Ini adalah pendapat al-Auza’i, ats-Tsauri, Abu Hanifah
dan murid-muridnya, Abu Tsaur dan Abu Ubaid[2]. Mereka menilai, wanita
hamil dan menyusui sama hukumnya dengan orang musafir karena ketiganya
tercantum dalam hadits yang telah lalu, atau mereka mengqiyaskan wanita hamil
dan menyusui dengan orang sakit dan musafir.
Pendapat
ini dijawab, musafir hanyalah diwajibkan mengqadha bukan berdasarkan hadits
tersebut, tetapi berdasarkan firman Allah Subhanahu wa Ta’ala, “Barangsiapa
yang sakit atau sedang bermusafir….” (QS. al-Baqarah: 185).

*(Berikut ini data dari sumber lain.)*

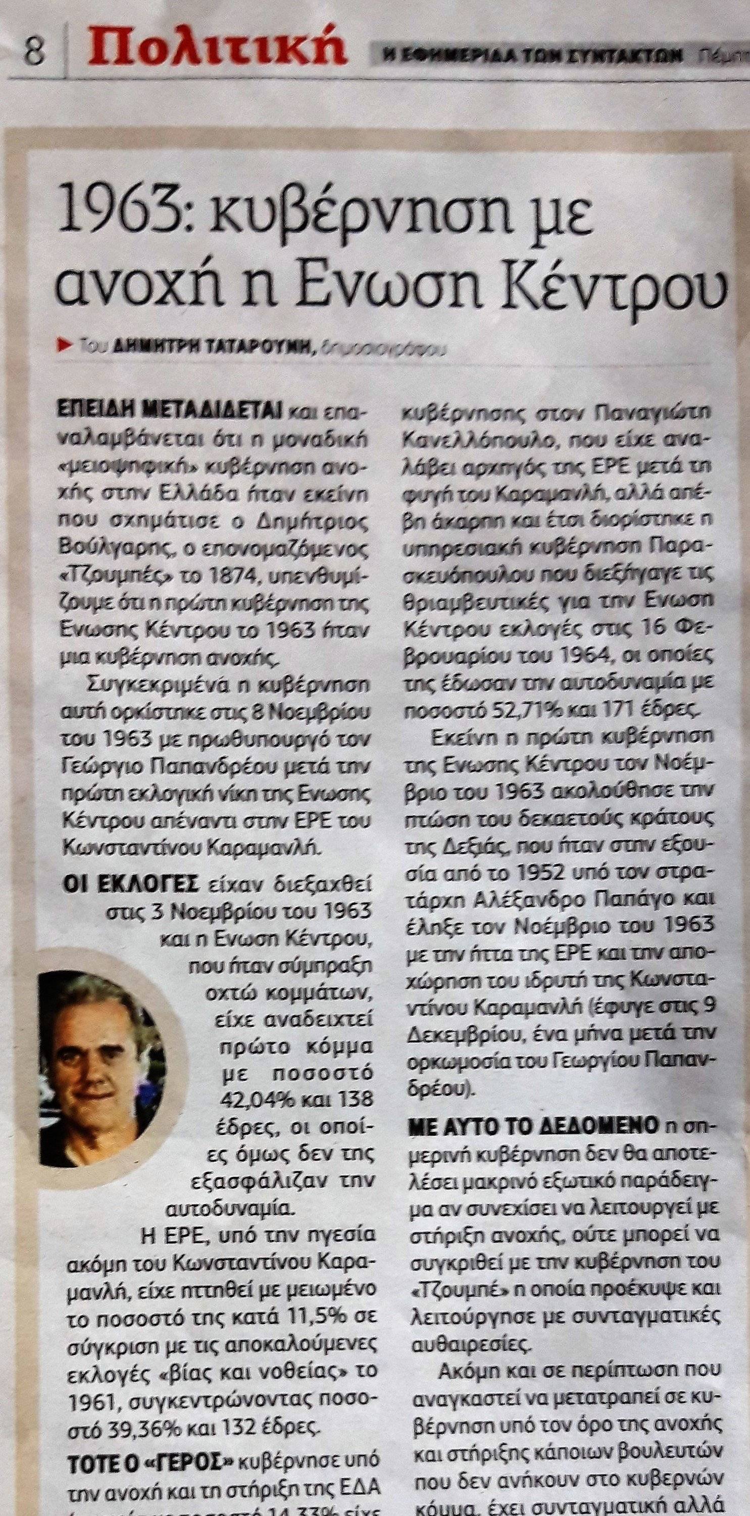 Επειδή μεταδίδεται και επαναλαμβάνεται ότι η μοναδική «μειοψηφική» κυβέρνηση ανοχής στην Ελλάδα ήταν εκείνη που σχημάτισε ο Δημήτριος Βούλγαρης ο επονομαζόμενος «Τζουμπές» το 1874, υπενθυμίζουμε ότι η πρώτη κυβέρνηση της Ένωσης Κέντρου το 1963 ήταν μία κυβέρνηση ανοχής.
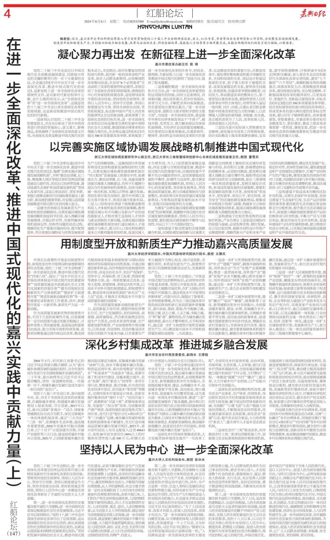 党的二十届三中全会提出“开放是中国式现代化的鲜明标识,必须坚持对外开放基本国策,坚持以开放促改革,依托我国超大规模市场优势,在扩大国际合作中提升开放能力,建设更高水平开放型经济新体制”。对嘉兴而言,既提出了新要求,也孕育着新潜能。作为长三角区域改革开放的前沿阵地和浙江省高质量外资集聚区,嘉兴亲商、重商、爱商;作为根脉之城、枢纽之城、活力之城、人文之城、幸福之城,万“势”聚“嘉”,蓄势待发;作为统筹城乡发展的典范,嘉兴左手繁华都市,右手和美乡村。通过进一步扩大制度型开放和发展新质生产力,可以推动嘉兴高水平开放和高质量发展的高度统一。为此建议:

Adapun wanita hamil dan menyusui tidak ada dalil yang
mewajibkan mereka untuk mengqadha puasa. Kemudian kalau kita memperhatikan
hadits tersebut, kita mengetahui apabila musafir mengqashar sholat saat bepergian,
setelah kembali pulang, ia tidak diperintahkan untuk mengqadha rakaat-rakaat
yang telah diqasharnya itu. Konsekuensinya, ia juga harus mengatakan bahwa
wanita hamil dan menyusui tidak wajib mengqadha puasa yang telah
ditinggalkannya. (Jami’ Ahkam an-Nisa’: II/395).
Ketiga, Wajib
memberi makan (membayar fidyah), tanpa mengqadha.
Pendapat ini adalah kebalikan pendapat yang sebelumnya.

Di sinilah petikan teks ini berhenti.